A third storyline that carries over from the finale is Hal and his eyeworm. While the one Tom had in the beginning of the season was a way for Red Eyes and the rebels to locate the 2nd Mass, it’s a very different story in his son, which turns out to be “a huge part” of season 3. It’s “basically creating a schizophrenic personality within Hal where he’s no longer conscious of his actions at various intervals, and that’s a really sort of terrifying process, to have in essence a mole within our ranks.”
We’re also going to meet two new recurring characters played by actors with whom Noah Wyle has worked before: Gloria Reuben, who starred alongside him in “ER,” plays Tom’s assistant, Marina, and Robert Sean Leonard, with whom Wyle did the movie “Swing Kids” in 1993, plays Dr. Roger Kadar, a scientist who lives underground in Charleston. Wyle likens Marina to “Tom’s Gal Friday”—at first. While she does help him adjust to his new role as President and the responsibilities that brings, she also serves as “a way of creating conflict within Tom’s learning curve of power.” “We come to realize that she’s fairly ambitious in her own right,” he teased. “She’s got an agenda of her own and doesn’t necessarily always agree with Tom’s decision-making.”
As for Kadar, we’ll see him in six episodes of the season, and it turns out they had initially been looking for a similar character for season 2. (That character developed into Jamil, who suffered his creepy fate in “Molon Labe.”) But they still wanted “to have somebody with a lot of technical expertise who could be a bit of a MacGyver in a crisis…and rather than make him a fully-functioning human being, we wanted him to be almost like a savant or somebody who was wounded to the extent that they were completely anti-social, so that they had their own internal obstacle to get past in order to contribute to the group.” That was where Kadar comes in as someone who has lost his family and so now lives beneath the city, responsible for maintaining the generator system that gives them power. However, Wyle previewed, “We need him to do more than that,” which leads to more conflict.

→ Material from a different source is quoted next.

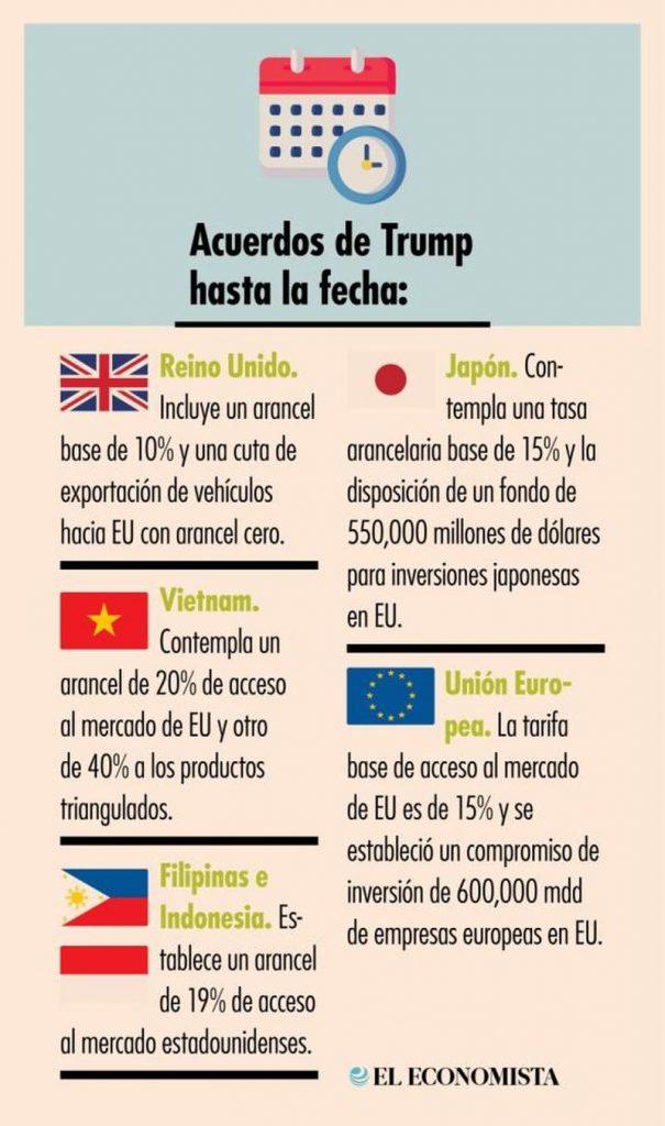 El acuerdo con la UE ocurre tras una oleada de anuncios comerciales, luego de que Trump anunciara la semana pasada que había llegado a un acuerdo con Japón, con una tasa arancelaria base también de 15 por ciento.
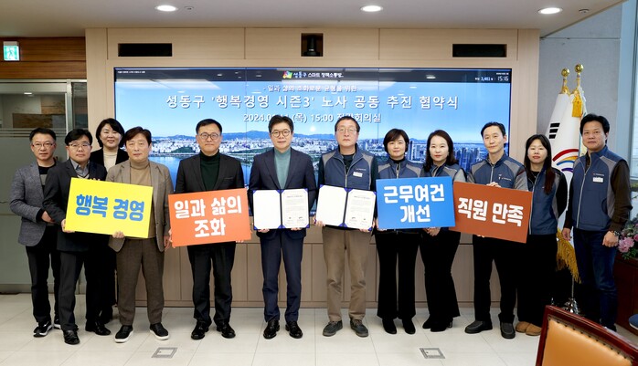 지난 11일 구는 이 같은 내용으로 전국공무원노동조합 서울지역본부 성동구지부와 함께 행복경영 시즌3 노사 공동 추진 협약을 체결했다.

Finally, he called “Strange Brew,” written by John Wirth and directed by David Solomon, his favorite episode and “the best show we’ve done yet.” While it was filmed last, it will be airing eighth (on July 21). While he couldn’t say much about it, he did tease, “It’s the first time that we really play with the concepts of time within the body of an episode, and it’s just a very clever show. It’s a break with the traditional narrative form for us.”
Other notes from Noah Wyle about season 3:
- This season, the Mason boys get the independence they’ve wanted, “for better or worse.”

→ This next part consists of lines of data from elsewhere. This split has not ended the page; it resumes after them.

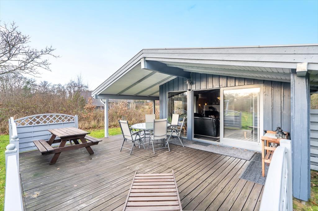 Udenfor venter den store, læfyldte naturgrund på over 2.000 m² – et fredfyldt fristed omgivet af træer og fuglefløjt. Her kan I virkelig mærke ferien sænke sig. På den sydvendte træterrasse finder I et skønt sted til morgenkaffen i solen, frokost i det fri og lange grillaftener under stjernerne. Om morgenen dukker solen frem på den østvendte terrasse, hvor dagens første stråler kan nydes i ro og mag. Haven indbyder til leg, boldspil og udeliv – og de firbenede gæster vil elske at have så god plads at boltre sig på.
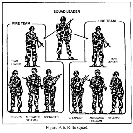 The most common rifle squad has nine soldiers (Figure A-6). It fights as two fire teams. The squad has one squad leader, two fire team leaders, two automatic riflemen, two riflemen, and two grenadiers.
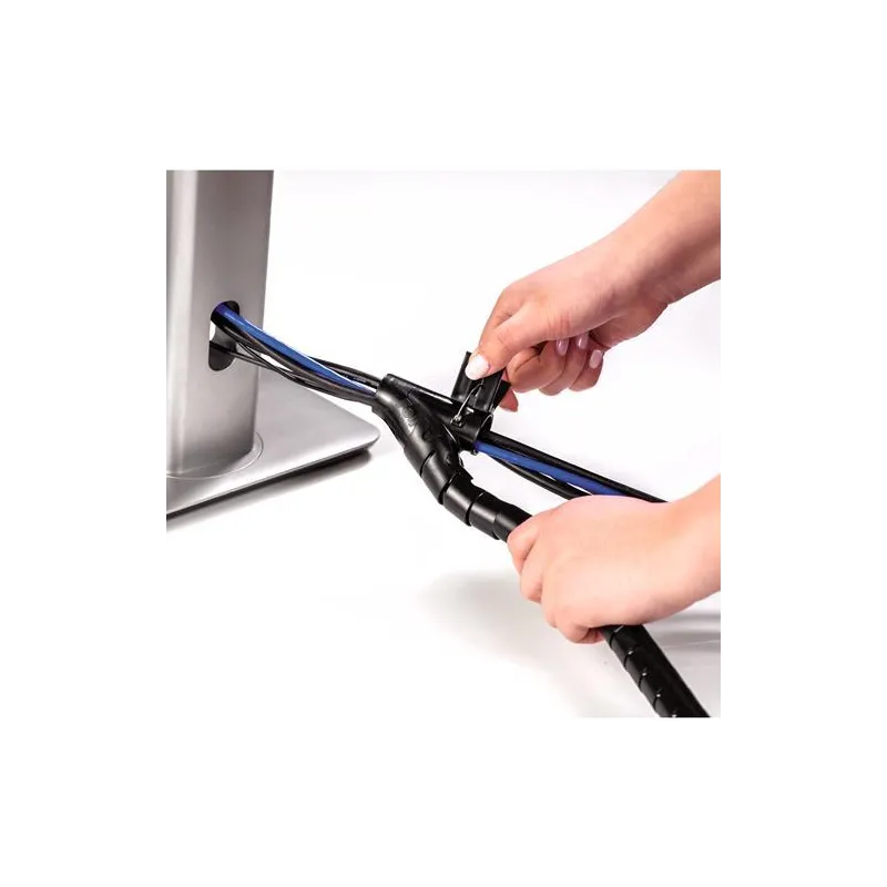 LA SOLUCIÓN MÁS SENCILLA PARA EL DESORDEN Y EL MAL ASPECTO QUE PRODUCEN LOS CABLES: La solución más sencilla para el desorden y el mal aspecto que producen los cables. Con una acción parecida a una cremallera, realizada con la exclusiva herramienta suministrada, todos los cables se ordenarán en unos segundos.
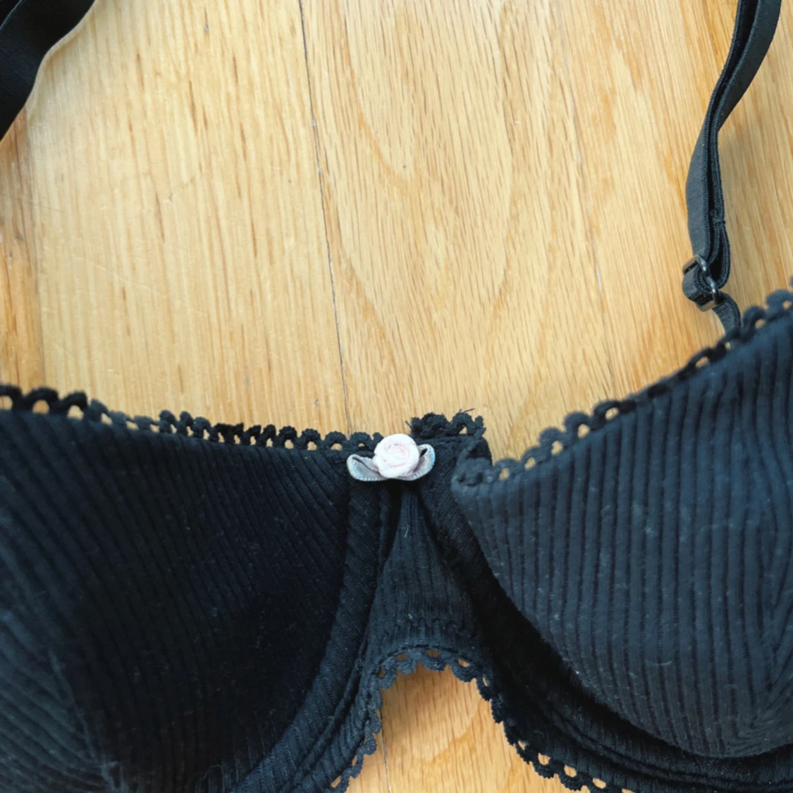 Svart bh med ribbad struktur och söt spetskant längs kuporna. Dekorerad med en liten ljusrosa ros i mitten framtill. Vet tyvärr inte strl men skulle gissa på 75 A/B💕
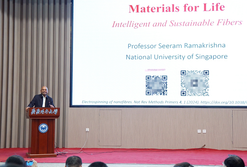 聘任儀式結束后,西拉姆院士以“智能與可持續材料的靜電紡絲技術”為題與師生進行了深入交流。

- There are “three or four gigantic storylines, all of which had an element of science fiction to them.”
- “There is something up with Tom, but it doesn’t have anything to do with the eyeworm” he had in the beginning of season 2.
- “There are a couple of episodes coming up the latter half of the season that should be pretty terrifying.”
- Each time the tensions reaches the boiling point between Tom and Pope and is ready to pop, “there’s always something that interrupts it from coming to its final conclusion, which is one of them killing the other one.”
- The “probable fourth season” would stick to the 10-episode format.
“Falling Skies” season 3 premieres June 9 at 9 p.m. on TNT.